Результаты оцениваются через 2-3 суток. Отмечается рост от края чашки к центру, к лунке с ПАВ. Степень активности характеризуется количеством баллов по сравнению с контролем.

2.2 Материалы и оборудование
Культуры микроорганизмов, пробирки, колбы, чашки Петри, шпатели, штативы, предметные и покровные стекла, красители, спиртовка.

При любой микробиологической работе: при посевах, пересевах, выделении, сохранении чистых культур используются стерильные среды, стерильная посуда, стерильные инструменты, чтобы предотвратить возможность попадания посторонней микрофлоры. Посевы производятся в стерильных боксах.

Для обработки посуды применяется стерилизация сухим жаром. Она производится нагреванием в течении 2 часов, при температуре 170 0С в электросушильных шкафах.

Вся посуда перед стерилизацией должна быть вымыта, высушена и завернута в бумагу. Для заворачивания посуды используют газетную бумагу (которая не размокает).

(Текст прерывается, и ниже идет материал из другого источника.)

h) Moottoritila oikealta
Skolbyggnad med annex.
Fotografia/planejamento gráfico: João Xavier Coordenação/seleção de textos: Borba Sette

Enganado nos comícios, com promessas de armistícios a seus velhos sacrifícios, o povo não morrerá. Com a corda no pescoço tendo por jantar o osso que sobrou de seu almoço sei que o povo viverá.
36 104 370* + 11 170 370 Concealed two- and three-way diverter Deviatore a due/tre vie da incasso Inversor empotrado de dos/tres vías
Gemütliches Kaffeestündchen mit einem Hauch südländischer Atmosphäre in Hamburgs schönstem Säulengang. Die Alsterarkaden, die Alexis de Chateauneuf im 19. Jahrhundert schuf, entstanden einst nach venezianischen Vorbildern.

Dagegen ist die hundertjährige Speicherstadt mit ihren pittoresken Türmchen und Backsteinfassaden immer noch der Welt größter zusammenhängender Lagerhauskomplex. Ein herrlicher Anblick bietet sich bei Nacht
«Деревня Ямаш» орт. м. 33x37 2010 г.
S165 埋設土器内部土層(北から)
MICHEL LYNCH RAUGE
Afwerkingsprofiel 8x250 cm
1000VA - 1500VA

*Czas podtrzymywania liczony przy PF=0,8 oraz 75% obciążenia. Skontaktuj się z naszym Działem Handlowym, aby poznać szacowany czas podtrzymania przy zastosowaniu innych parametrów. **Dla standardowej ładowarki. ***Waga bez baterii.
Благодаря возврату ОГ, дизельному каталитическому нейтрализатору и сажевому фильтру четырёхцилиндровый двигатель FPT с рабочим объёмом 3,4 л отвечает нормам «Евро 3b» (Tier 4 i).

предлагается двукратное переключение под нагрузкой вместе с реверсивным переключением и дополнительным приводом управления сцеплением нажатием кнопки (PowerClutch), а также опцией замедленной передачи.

Большинство питательных сред стерилизуют насыщенным паром под давлением в автоклавах. Повышение давления в автоклаве повышает температуру пара, образуемого внутри автоклава и, следовательно, температуру стерилизации (Теппер, 2004).

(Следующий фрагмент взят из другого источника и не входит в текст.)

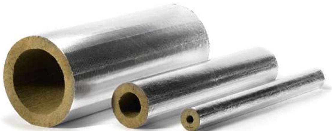
Прямые участки ХОТPIPE SP Alu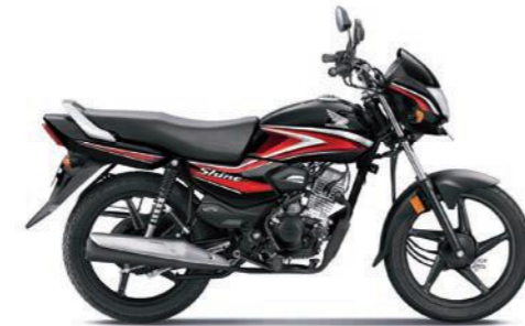
रेड के साथ ब्लैक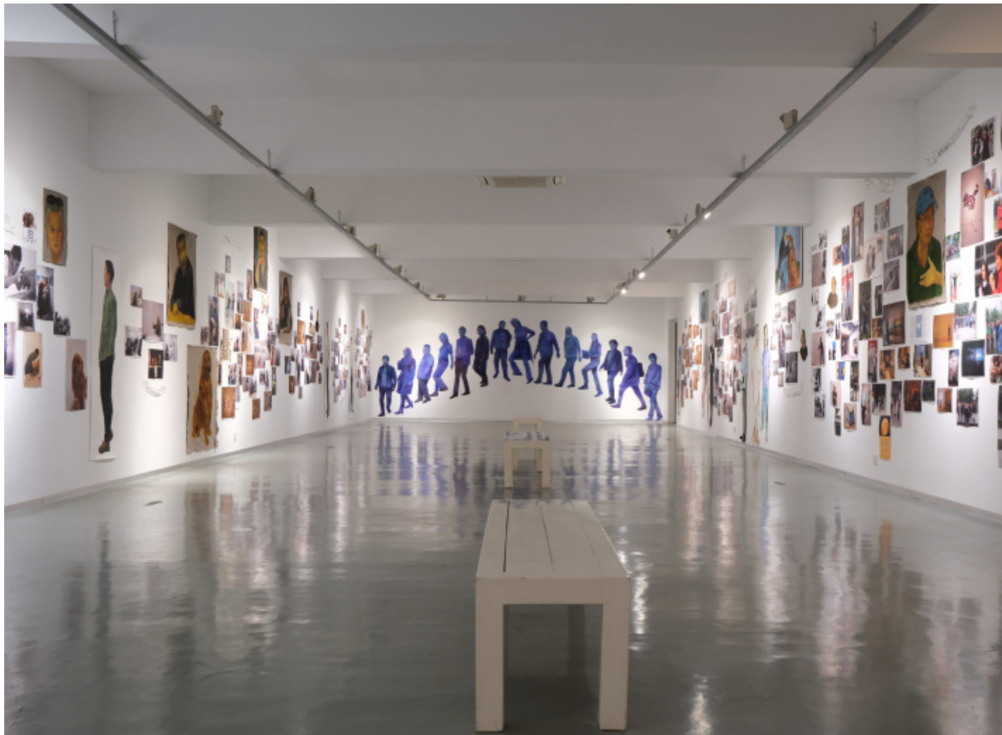
Spazio espositivo del Mo Art Space durante l'evento 10 anni al Mo Art Space , ottobre 2024.

Il visitatore che, uscito al casello dell'autostrada di Xinmi xi ??? (Xinmi Ovest) si ferma sullo stradone polveroso ( guodao ??, o strada statale), battuto ininterrottamente da lunghi camion sferraglianti, ed entra nel cortile interno alberato, si trova proiettato in una specie di hortus conclusus che stupisce piacevolmente e disorienta.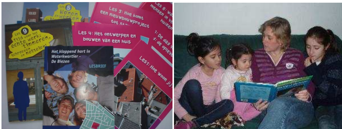
Voorbeelden van samenwerking; lessen over de wijk en de Voorleesexpress

Veel scholen en buurtorganisaties hebben elkaar al gevonden. Zo kennen we lesbrieven over wijkvernieuwing, wijkwebsites met een kinderredactie, voorleesexpressen en cursussen voor ouders op school. Allemaal prachtige initiatieven. Maar werken ze ook? Is er 'hard evidence' voor de meerwaarde van samenwerking? En valt uit de samenwerking meer wederzijds voordeel te halen, zodat het voor iedereen leuker wordt?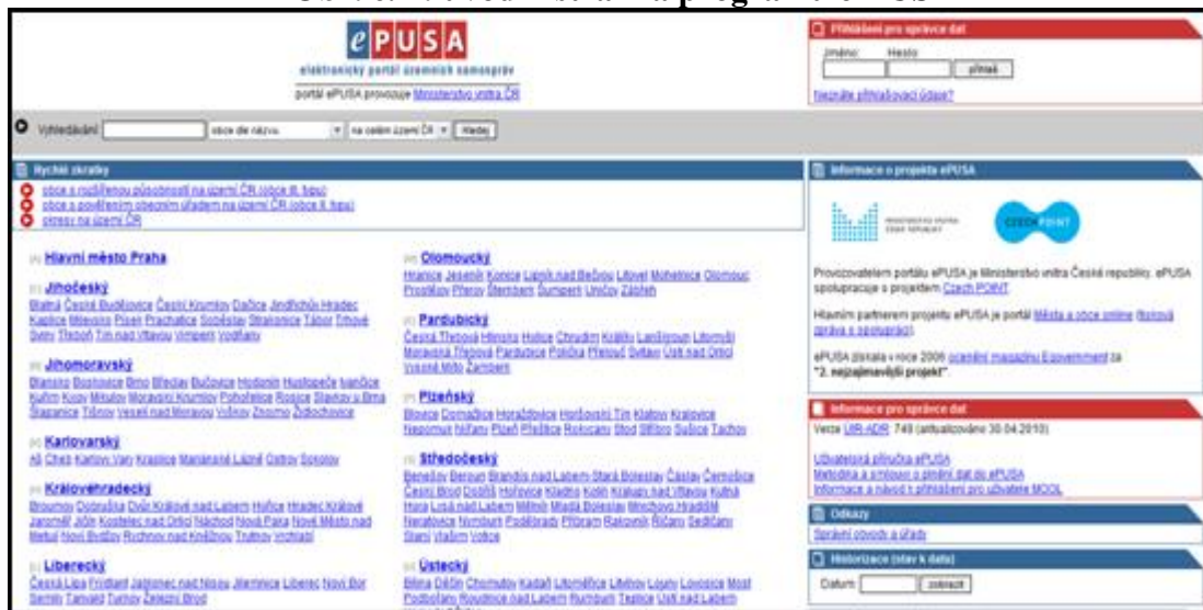
Obr. č. 2: úvodní stránka programu e-PUSA

Úvodní stránka portálu zobrazuje rozvržení podle krajů ČR spolu s odkazy (zkratkami) přímo na větší města daného kraje. Popisky: vyhledávání nahoře, rychlé zkratky těsně pod, zkratka kraje vlevo, správní obvody a úřady, sekce odkazy. V každém momentě navigace je v horní části stránky formulář pro vyhledávání obce, subjektu či zřizované organizace podle názvu, nebo osoby podle jména na území celé ČR nebo na aktuálně zvoleném území. K dispozici jsou taktéž tzv. rychlé zkratky, které umožňují přeskakovat jednotlivé úrovně vypisování a umožňují např. výpis všech okresů na území ČR bez potřeby výběru kraje.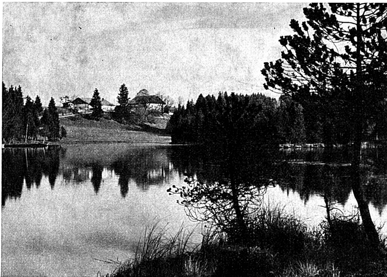
L'étang de la Gruère

Среды. В работе использованы полноценные питательные среды: МПА, МПБ. В качестве селективной среды использовалась среда М9 (состав см. в приложении). В качестве селективных агентов использовались СМС на основе АПАВ и КПАВ, а также ПАА (НПАВ).

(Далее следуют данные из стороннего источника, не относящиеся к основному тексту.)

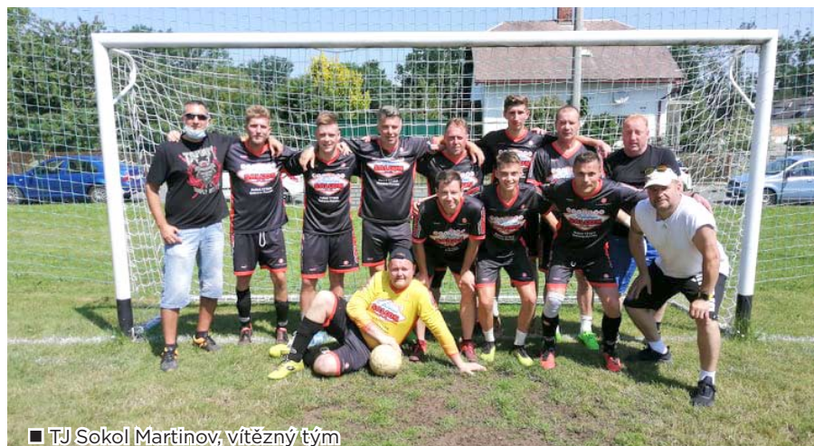
■ TJ Sokol Martinov, vítězný tým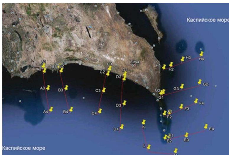
Рис. 1. Изображение расположения точек отобранных образцов.

Результаты анализа распределения углеводородов нефти в донных отложениях представлены в таблице 3 и рис.3. Количество нефтяных углеводородов в пробах изменялись от 1,9 мкг/г до 1387 мкг/г в перерасчете на сухой вес. В таблице 1 указано, количество содержания углеводородов нефти в пробах ( C_1 - C_4 ), в них концентрации несколько высоки по сравнению с другими областями изучаемой территории Каспийского моря. Причиной этому является увеличение промышленного развития за последние годы. Количество углеводородов нефти в пробах ( C_1 - C_4 ) больше чем в других образцах, данные пробы были собраны близко к берегу. Наибольшее количество углеводородов нефти определено в точках А3, В3, С3 и D3.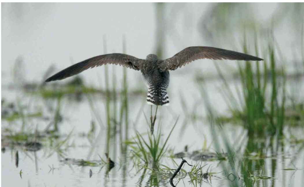
107 Amerikaanse Bosruiter / Solitary Sandpiper Tringa solitaria solitaria , Wissenkerke, Zeeland, 17 mei 2006 (Harvey van Diek)

(8 oktober 2005) en Zweden (20 mei 1987) (Dymond et al 1989, Lundqvist 1989, Lewington et al 1991, Evans 1994, Clarke 2006; www.wpbirds.com , http://azores.seawatching.net/index.php?page=list ; Marcel Haas in litt).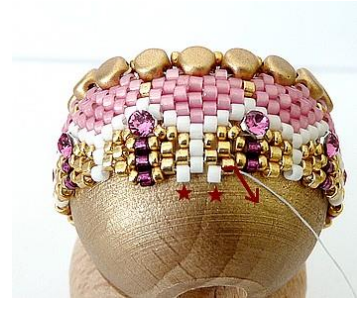
33) Plaats 2 x 1 witte DB.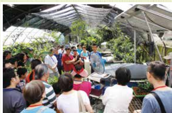
魚菜共生實驗農場吸引同好共學

「魚菜共生」又稱為養耕共生或複合式耕養，它是一種結合水產養殖與水耕栽培的一種生態系統。「魚菜共生」看似簡單的四個字，這裡面牽涉到許多專業的問題，例如需要哪些基本設備？水槽的大小？使用哪一種馬達抽水，才能有效的控制水流量？水質如何保持及測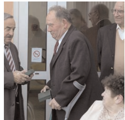
Avec Élio Zannier, Maire de Poigny-la-Forêt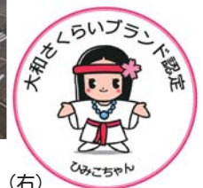
「大和さくらいブランド」ロゴマーク（右）

桜井市は、ロードサイドや住宅地、中心市街地、観光地、中山間地と多様な地域を抱えているため、まちづくりの方向性は地域によりおのずと異なる。しかし「新しい人の流れ」を生み出しまちの賑わいをつくる、という点で市の姿勢は一貫している。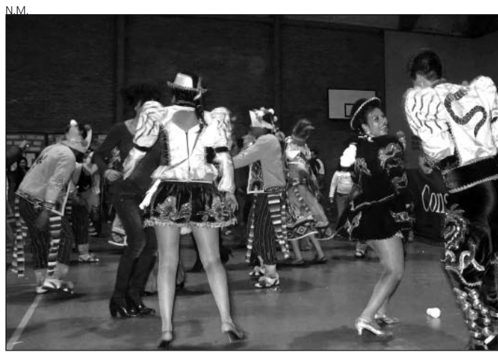
No faltaron los bailes y danzas tradicionales.

La III Jornada Intercultural de Aran tuvo lugar, un año más, con la participación de países de todo el mundo que se unieron en una fiesta en la que se dieron a conocer las diferentes culturas que conviven actualmente en la Val d'Aran.

3. Экспериментальная часть
3.1 Культурально-морфологическая характеристика микроорганизмов

В работе использовалось 13 культур микроорганизмов. Культуральные и морфологические признаки исследуемых микроорганизмов представлены в таблице 1.

Таблица 1. Культурально-морфологичесие признаки микроорганизмов

№ штамма	Признаки	Окраска по Граму
	культуральные	морфологические
1	гладкая, светло-фиолетового цвета, полусухая, блеск слабый, полупрозрачная	мелкие, толстые палочки и споры	+
3	полупрозрачная, светло-фиолетового цвета, шершавая, с блеском, слизистая	толстые споровые палочки, прямые и изогнутые, одиночные, по 2, цепочками, с овальными концами	+
4	светло-фиолетового цвета, шершавая, с блеском, слизистая	толстые споровые палочки, одиночные, по 2, цепочками, с овальными концами	+
5	слизистая, гладкая, с блеском, сероватого цвета, выделяет черный пигмент	мелкие, споровые палочки, одиночные и по 2	+
14	молочного цвета, бугорчатая, с блеском, гладкая, слизистая	очень длинные споровые палочки, изогнутые, овальные концы	+
15	полупрозрачная, с блеском, шершавая, светло-фиолетового цвета, слизистая	короткие споровые палочки	+
17	светло-малинового цвета, гладкая, блестящая, полусухая	крупные палочки, неравномерно прокрашенные, фрагментированные палочки, споры	+
19	культура желтоватого цвета, слизистая консистенция, гладкая	мелкие, неспоровые палочки, тонкие, овальные концы	+ (-)
ХХ	серовато-бежевая колония, блестящая, прозрачная, точечный рост, слизистая консистенция, очень слабый	очень длинные палочки, неспоровые, прямые и изогнутые, с чехлами	+
с	кремового цвета, гладкая, слизистая, с блеском	кокки, разные	+
b	кремового цвета, бугорчатая, блестящая, слизистая	мелкие палочки, одиночные, по 2, слабо прокрашенные	+
а1	сероватого цвета, гладкая, слизистая, с блеском	мелкие, короткие палочки	+
а2	полупрозрачная, с блеском, ризоидная поверхность, слизистая	очень мелкие палочки, неярко прокрашенные	+

Из таблицы видно, что большинство из исследуемых микроорганизмов являются Г+ спорообразующими аэробными палочками, за исключением штаммов b, а1, а2 которые являются Г+ неспоровыми аэробными палочками.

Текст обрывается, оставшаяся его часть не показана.